Without this awareness, our thinking, our reactions to life events, and our internal dialogue can become habitual, with routine responses to external stimuli that are triggered automatically, without our conscious awareness. In fact, just as when you are on a hike, you can choose familiar pathways or to blaze new “trails” in your internal, mental landscape. To do this, you simply need to nurture your own inner witness.

Your inner witness is an aspect of your awareness or consciousness that can take a step back, survey a situation, and make an intentional choice on which (neural) pathway to follow. In my experience, over the last 25 years, helping myself and others to develop this inner witness, the personal transformation and renewed enthusiasm for all the possibilities life offers are a natural result of this process.

Here are three easy and fun ways to begin this journey yourself right now.

  1. Catch yourself doing things right. This one can be simple, and is often not easy because we have wide, super highways, or neural pathways, when it comes to being critical of ourselves, to beating ourselves up over “mistakes” made or opportunities missed. The easiest way to start bushwhacking new pathways is to approach this with a sense of humor. “Wow, I rock at making a cup of coffee!” or “Look at me sweeping up this mess on the floor!” And seriously, one of my personal favorites, “Dang, I’m great at opening the fridge door!”

These are always followed by a deep inner chuckle from your Inner Witness and a high five for giving this part of you a voice! As you develop this pattern of catching yourself doing things right, it will gradually replace the old, familiar pathway of your inner critic. Then, your inner critic is transformed into wise discernment and fulfill its intended role.
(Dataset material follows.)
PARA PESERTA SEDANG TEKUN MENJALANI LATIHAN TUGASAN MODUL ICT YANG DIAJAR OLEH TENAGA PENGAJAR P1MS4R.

  1. Practice self-compassion. Do you ever berate yourself for not having exercised in a long time or beat yourself up for saying the “wrong” thing? “Geez, I was supposed to do yoga/ to meditate every morning and I only made it once! I stink at following through.” Right?

Are you a human? Do humans “make mistakes”? Do you have a learning curve in just about everything? Of course you do. There’s a story of when Edison was experimenting with the light bulb and had tried close to 10,000 different materials without success. One of his assistants expressed a negative judgment around their progress, to which Edison replied, “What do you mean? We have successfully found 10,000 things that don’t work!”
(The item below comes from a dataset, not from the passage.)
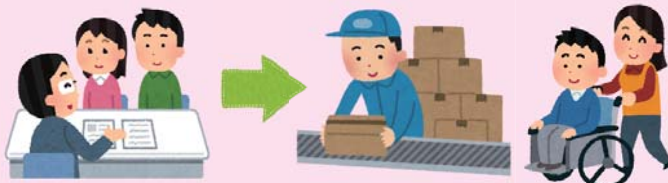
(就労支援・福祉サービス)
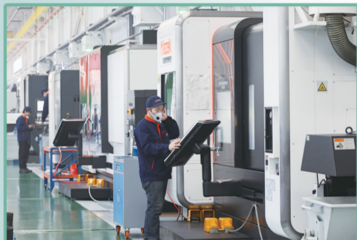
泰和电力数字化智造生产线井然有序。

Allow yourself to be human. Ask your Inner Witness to illuminate how you can be compassionate to yourself. “Congratulations for trying something new!” “Way to explore as many possibilities as possible. Now we know this doesn’t work.”

Remember how you would talk to a young child, or a puppy. Encourage yourself. Pick yourself up and dust yourself up and believe that you’ll get “there.” Instead of, “I haven’t _______ in so long!” you can say to yourself compassionately, “Hmmm… I must be coming up on an exercise/ meditating / painting… cycle!” Allow yourself to be perfectly imperfect. 
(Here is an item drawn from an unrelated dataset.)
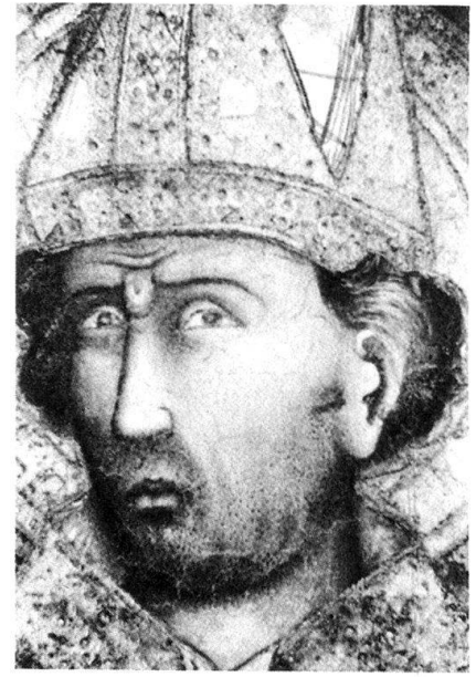
11 «Maestro di Fissiraga», Grabmal des Fissiraga, Lodi, S. Francesco.

  1. Ask yourself, “What do I desire most right now?” as much as possible. For most of us, our habitual thinking focuses more on what we “should” do or “have” to do rather than on what we desire. That can feel, or rather we’ve been conditioned to think that focusing on your wants is selfish or self-centered.

The truth is that you are being guided by your feelings of desire. Your life’s purpose or your soul’s calling reveals itself though it’s desires, what is attracting you or lighting you up. By asking yourself this question as much as possible you engage your Inner Witness who can then help you to choose that which will serve your highest path and most authentic expression.

I “have to” clean the house can also be transformed into, “I desire my home space to be more organized, clean, or welcoming.” Allow your Inner Witness to show you how you can still get life’s tasks completed from a place of desire rather than obligation.

Life is an inside out job. Getting to know and giving voice to your Inner Witness in these ways, will allow you to make more choices on a daily basis that will lead to greater personal fulfillment and overall well being. Without this awareness we are at the mercy of our habitual thinking— most of which you did not choose in the first place.

What thoughts are coming to mind right now? Witness them. Do you want to choose those thoughts or create new ones? It’s all up to you! Enjoy.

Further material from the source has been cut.